I hope eventually to be able to correct anything I may have done that has caused her to feel such hostility towards me…She is one of the few people here who I have some amount of respect for.
Re: let’s see…
She just had some feeling for you, and when you left town and didn’t call regularly she felt that she was waiting around and you were not interested, for the most part. You two got very close very fast, and she expected to talk regularly in San Fransisco…and I don’t know all the stuff about being called a liar.
Re: let’s see…
Don’t really know either about the stuff about being called a liar…it is just annoying…I just tend to ramble on a little much when I do not proof my posts (which I sometimes do to make sure that I am not saying anything I would feel comfortable yeeling in the middle of the stret)

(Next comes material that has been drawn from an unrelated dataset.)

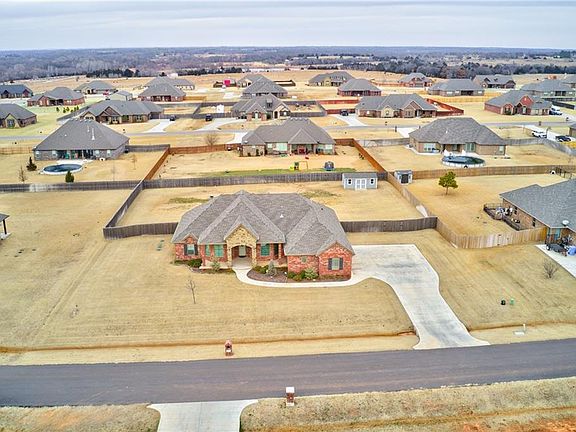 Executive and beautiful home on almost 1 acre lot in Edmond! Built in 2015, 3 beds, 2 full baths and a 3 car garage! The exterior of this home features beautiful stone. Large entry, formal dining space, and home office. The living area has a stunning stone fireplace and is open to your dream kitchen. This gorgeous kitchen has lovely wood cabinetry tons of storage, walk-in pantry and granite counter tops, stainless steel appliances and beautiful lighting. Master bedroom has a huge attached master bathroom with dual vanity, bathtub, large walk-in shower, and a spacious walk-in closet with extra built-ins and shelving. Lovely large windows in the home and beautiful light fixtures. Don't miss this home, schedule your showing today!

But as far as SF…I had one of the worst Times in SF that I have had in a long time. It was the start of whatever is currently wrong with my liver. In the Hospital I was staying I couldn’t find out where I was when I was conscious long enough to do anything, and then when I got out I was really fucked up….In a lot of ways. I feel badly that I didn’t call her, and told her so…I was really interested in her (really kind of still am), but as I said…I am just so physically fucked up that it is hard for me to give anyone as much attention as I would like. And she seems to need a lot of it (that is not an insult…It is just that she responds well to attention) that I wish that I could give, but when I don’t pay attention to myslef very well…I wind up in the hospital with tubes coming out of (or going into) every parts of me.
It is immensely FRUSTRATING!…I had some of the most fun with her that I have had for a very long time…..
Re: let’s see…
well, maybe you should write her that directly, I think she could really use your attention now.